Should they pass the tariff increases on to their customers and brace for pushback, or can they afford to absorb the cost and still protect margins? Perhaps renegotiating supplier contracts or identifying alternate suppliers is the best tactic for navigating the turbulent trade environment. Or should they consider near-sourcing or taking advantage of foreign trade zones (FTZs)? The bottom line is, as the trade war heats up and cross-border commerce becomes increasingly complex and fractious, logistics and supply chain leaders need strategic long-term solutions to reduce the risk and mitigate the impact of higher costs and supply chain disruptions.
FTZ: Island in the storm?
The cost-saving and duty-optimizing benefits of FTZs—secure areas, such as large warehouses or industrial parks, authorized by the federal government in which goods are treated as if they are outside of U.S. Customs territory for duty purposes—can help some companies navigating a volatile global trade landscape. By taking advantage of FTZs, companies can lessen the immediate effect of tariffs (excluding imports subject to Section 301 tariffs) by deferring customs duties and federal excise tax on imports until they leave the zone and enter U.S. Customs territory. Plus, duties are eliminated on imports that are later re-exported and on goods considered waste, scrap, or defective—a distinct cost benefit for businesses importing fragile items or employing manufacturing processes that produce large amounts of scrap.
Integrating FTZs into their supply chain enables businesses to take advantage of lower insurance premiums, reduce merchandise processing fees (MPFs), and streamline logistics and inventory management. Companies can also reap cost savings through inverted tariffs that give companies the option of paying duty on a finished product or on the individual components, whichever is lower. While not a panacea for tariff wars and rapidly evolving trade regulations, FTZs can help mitigate the risks posed by this volatility.

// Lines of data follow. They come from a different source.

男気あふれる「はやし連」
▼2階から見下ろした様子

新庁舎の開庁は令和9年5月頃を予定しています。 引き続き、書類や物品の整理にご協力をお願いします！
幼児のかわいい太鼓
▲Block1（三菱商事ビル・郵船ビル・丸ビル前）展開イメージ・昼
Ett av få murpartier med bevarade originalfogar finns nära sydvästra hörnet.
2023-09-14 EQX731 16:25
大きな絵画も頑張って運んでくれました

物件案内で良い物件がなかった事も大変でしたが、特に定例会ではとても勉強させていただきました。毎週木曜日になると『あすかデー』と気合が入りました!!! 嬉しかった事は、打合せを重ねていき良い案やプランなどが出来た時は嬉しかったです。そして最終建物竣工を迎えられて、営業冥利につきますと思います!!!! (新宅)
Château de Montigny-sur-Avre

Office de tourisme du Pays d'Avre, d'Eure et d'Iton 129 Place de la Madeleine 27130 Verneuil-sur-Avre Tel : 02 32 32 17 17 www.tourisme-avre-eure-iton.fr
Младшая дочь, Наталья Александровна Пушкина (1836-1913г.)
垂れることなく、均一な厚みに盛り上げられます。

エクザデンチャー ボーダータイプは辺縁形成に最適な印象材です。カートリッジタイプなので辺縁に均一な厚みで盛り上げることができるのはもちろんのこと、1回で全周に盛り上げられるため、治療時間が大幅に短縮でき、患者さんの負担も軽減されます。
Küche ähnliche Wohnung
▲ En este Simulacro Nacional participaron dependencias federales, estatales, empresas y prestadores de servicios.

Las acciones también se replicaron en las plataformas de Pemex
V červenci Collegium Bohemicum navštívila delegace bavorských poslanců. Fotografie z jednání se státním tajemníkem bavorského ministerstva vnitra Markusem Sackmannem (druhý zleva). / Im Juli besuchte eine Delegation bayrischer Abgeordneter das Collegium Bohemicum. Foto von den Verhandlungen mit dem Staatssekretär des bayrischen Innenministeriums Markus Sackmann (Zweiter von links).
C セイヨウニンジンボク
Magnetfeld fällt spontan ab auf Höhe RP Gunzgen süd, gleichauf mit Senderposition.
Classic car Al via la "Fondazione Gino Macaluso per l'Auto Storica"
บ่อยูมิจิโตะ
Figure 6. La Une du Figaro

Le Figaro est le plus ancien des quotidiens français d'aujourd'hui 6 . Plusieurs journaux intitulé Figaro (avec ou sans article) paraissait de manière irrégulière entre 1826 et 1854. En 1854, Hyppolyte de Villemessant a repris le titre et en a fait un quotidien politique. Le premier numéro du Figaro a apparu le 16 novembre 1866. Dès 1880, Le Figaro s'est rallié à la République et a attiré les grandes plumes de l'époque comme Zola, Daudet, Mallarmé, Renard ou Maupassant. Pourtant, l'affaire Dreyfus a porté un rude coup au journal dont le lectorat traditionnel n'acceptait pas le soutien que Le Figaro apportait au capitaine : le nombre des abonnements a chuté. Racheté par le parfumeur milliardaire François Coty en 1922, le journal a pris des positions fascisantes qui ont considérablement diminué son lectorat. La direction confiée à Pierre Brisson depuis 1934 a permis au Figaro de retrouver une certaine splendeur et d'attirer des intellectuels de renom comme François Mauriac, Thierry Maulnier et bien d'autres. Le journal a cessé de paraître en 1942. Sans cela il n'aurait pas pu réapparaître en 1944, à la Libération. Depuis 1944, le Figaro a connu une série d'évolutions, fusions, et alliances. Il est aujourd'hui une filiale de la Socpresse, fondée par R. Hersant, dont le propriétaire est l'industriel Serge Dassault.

Shoring up the supply chain
In addition to (where feasible) leveraging trade instruments such as FTZs and Free Trade Agreements, importers need to focus on building resilience and responsiveness into their supply chains—and evaluating supplier relationships is part of this process. For existing suppliers and distribution partners, businesses may elect to renegotiate contracts to include tariff cost-sharing mechanisms or provisions for tariff-triggered price renegotiations.
By modelling the impacts of increased tariffs on imported goods, companies can determine whether a change in sourcing strategy could offset potentially higher costs. Similarly, by evaluating supplier and factory location density, businesses can mitigate reliance on over-taxed trade lanes and prioritize trading partners in more stable regions with less potential for disruption.
Indeed, as trade tensions intensify, many companies are looking to diversify supplier and customer relationships and identify alternative trade lanes to limit risk exposure. According to a 2024 Descartes surveyglobal supply chain leaders feel that leveraging global trade intelligence to rapidly identify new suppliers, markets, and customers is the leading technology capability required to deliver the greatest business value in the next two years.
With the ever-present threat of new or increasing tariffs and regulatory changes, geopolitical instability, and supply chain disruptions, businesses need to explore the breadth of risk-mitigation strategies, on-the-ground tactics, and purpose-built technologies to help limit bottom-line exposure, ensure reliable customs compliance, and build a resilient and responsive supply chain moving forward.